**Input records:**
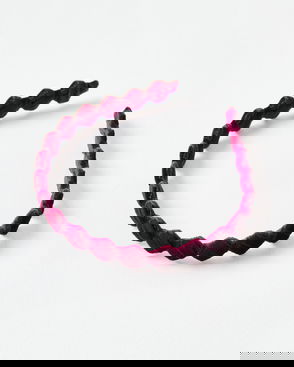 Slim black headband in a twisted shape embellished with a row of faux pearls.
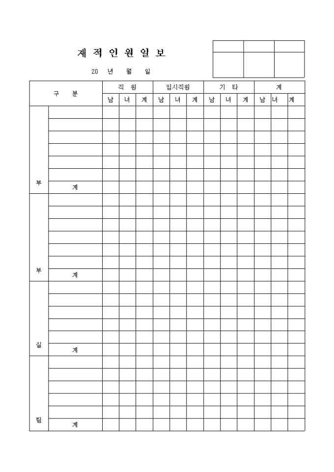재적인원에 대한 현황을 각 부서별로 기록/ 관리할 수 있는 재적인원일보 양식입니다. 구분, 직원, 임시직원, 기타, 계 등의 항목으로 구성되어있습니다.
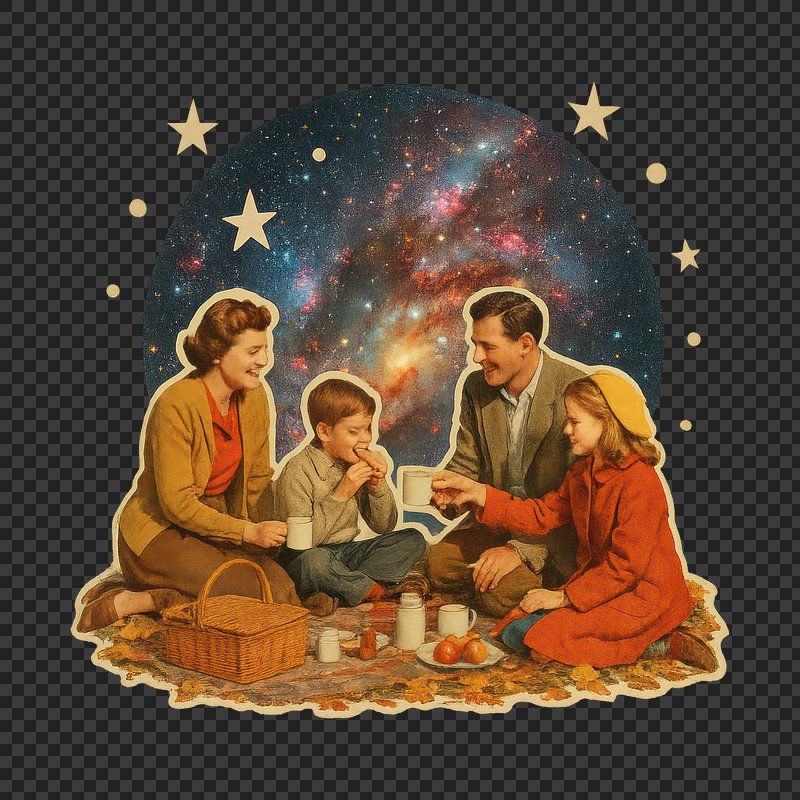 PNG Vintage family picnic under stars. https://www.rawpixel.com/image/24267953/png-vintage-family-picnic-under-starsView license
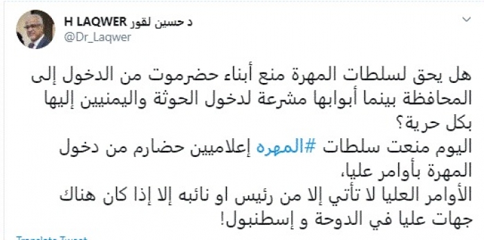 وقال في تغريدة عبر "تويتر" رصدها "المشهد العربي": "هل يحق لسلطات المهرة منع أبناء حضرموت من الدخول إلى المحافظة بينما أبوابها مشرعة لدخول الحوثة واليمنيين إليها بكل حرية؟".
...
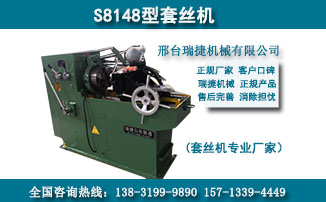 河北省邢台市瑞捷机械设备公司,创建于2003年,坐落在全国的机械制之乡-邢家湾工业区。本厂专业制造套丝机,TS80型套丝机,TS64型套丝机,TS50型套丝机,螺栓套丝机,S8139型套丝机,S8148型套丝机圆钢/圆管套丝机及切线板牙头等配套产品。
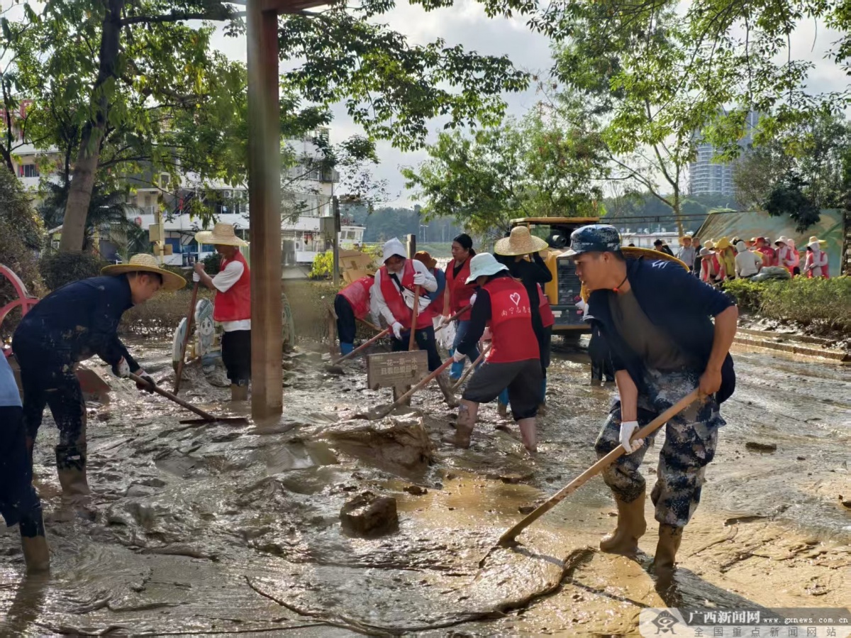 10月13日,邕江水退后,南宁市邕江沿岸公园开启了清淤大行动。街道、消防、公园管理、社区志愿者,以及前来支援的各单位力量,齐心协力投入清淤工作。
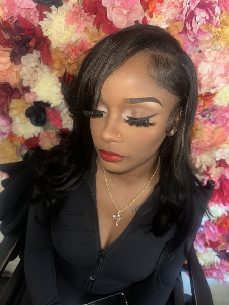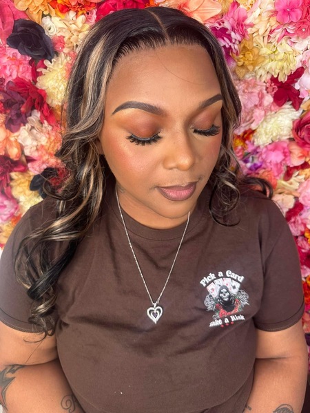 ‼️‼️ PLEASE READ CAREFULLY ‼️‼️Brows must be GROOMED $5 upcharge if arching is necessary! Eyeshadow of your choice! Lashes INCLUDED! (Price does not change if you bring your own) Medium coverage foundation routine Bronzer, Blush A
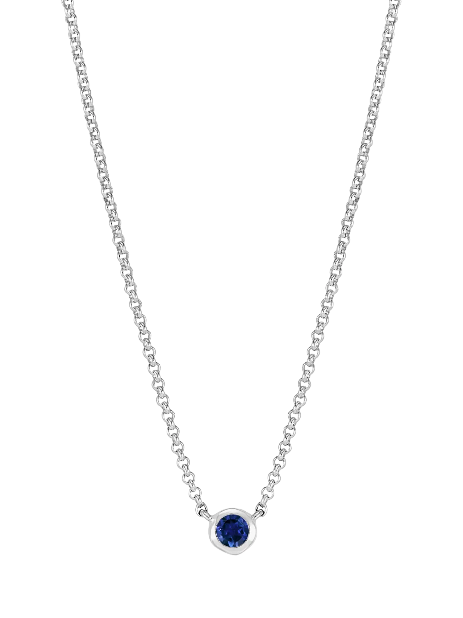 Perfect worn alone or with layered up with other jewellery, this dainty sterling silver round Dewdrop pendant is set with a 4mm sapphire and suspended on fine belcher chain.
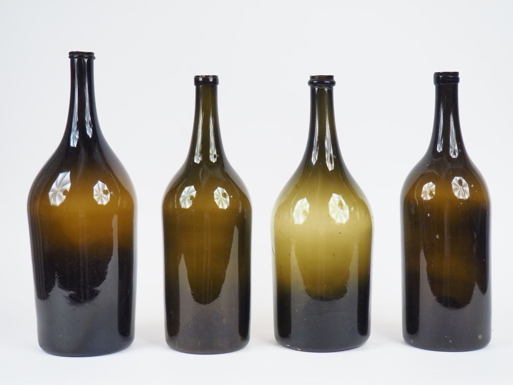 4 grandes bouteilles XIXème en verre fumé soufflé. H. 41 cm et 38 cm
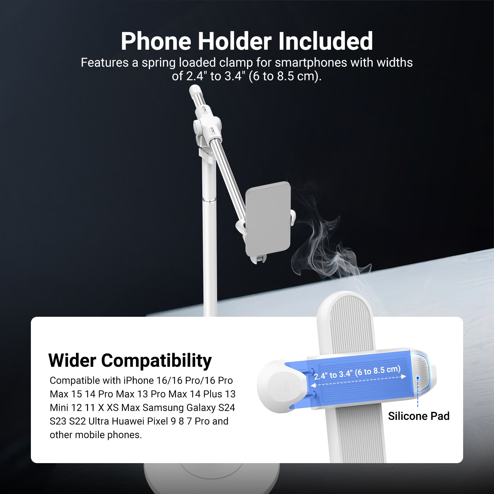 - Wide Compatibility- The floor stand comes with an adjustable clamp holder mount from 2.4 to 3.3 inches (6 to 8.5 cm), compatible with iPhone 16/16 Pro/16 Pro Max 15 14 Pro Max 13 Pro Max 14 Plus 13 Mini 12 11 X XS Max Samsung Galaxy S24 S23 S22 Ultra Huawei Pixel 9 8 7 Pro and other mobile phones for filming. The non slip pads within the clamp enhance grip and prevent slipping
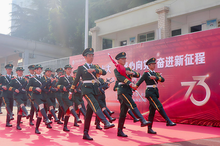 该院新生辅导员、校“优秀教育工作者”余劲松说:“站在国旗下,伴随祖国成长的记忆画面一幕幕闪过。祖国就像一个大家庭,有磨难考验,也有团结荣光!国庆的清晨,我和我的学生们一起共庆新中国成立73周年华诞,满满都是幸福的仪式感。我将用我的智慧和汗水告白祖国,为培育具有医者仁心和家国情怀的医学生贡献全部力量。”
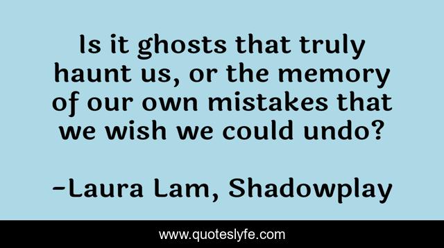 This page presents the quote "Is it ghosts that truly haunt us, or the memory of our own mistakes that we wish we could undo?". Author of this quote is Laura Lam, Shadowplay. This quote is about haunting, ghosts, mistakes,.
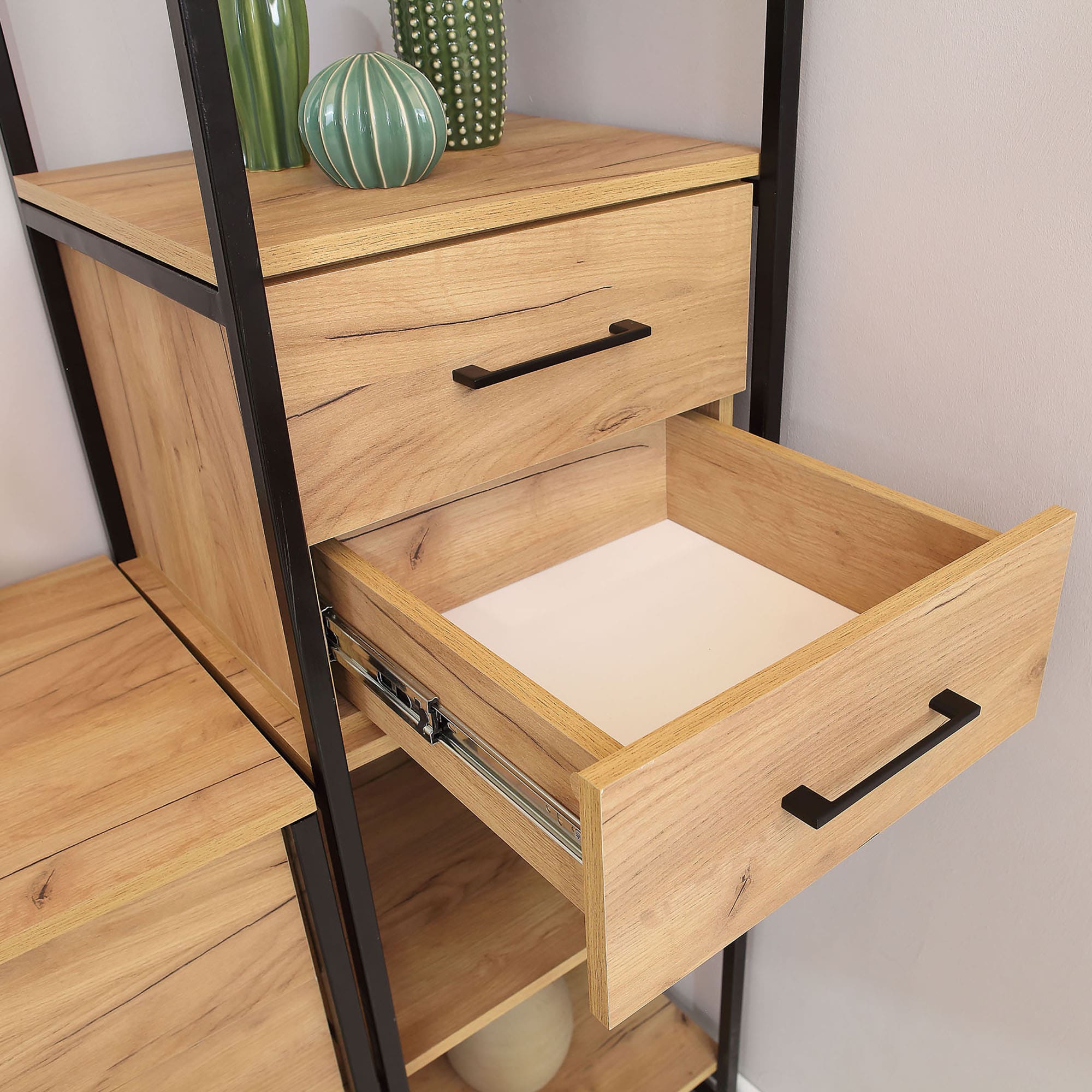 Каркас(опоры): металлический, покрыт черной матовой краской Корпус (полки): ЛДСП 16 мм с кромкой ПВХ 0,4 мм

**Instructions to follow:** A clean copy is needed of the lines in the listing above from the one with "Slim black headband" through the one with "وقال في تغريدة", exact in every word and free of pictures.

**Solution:**
 Slim black headband in a twisted shape embellished with a row of faux pearls.
재적인원에 대한 현황을 각 부서별로 기록/ 관리할 수 있는 재적인원일보 양식입니다. 구분, 직원, 임시직원, 기타, 계 등의 항목으로 구성되어있습니다.
 PNG Vintage family picnic under stars. https://www.rawpixel.com/image/24267953/png-vintage-family-picnic-under-starsView license
 وقال في تغريدة عبر "تويتر" رصدها "المشهد العربي": "هل يحق لسلطات المهرة منع أبناء حضرموت من الدخول إلى المحافظة بينما أبوابها مشرعة لدخول الحوثة واليمنيين إليها بكل حرية؟".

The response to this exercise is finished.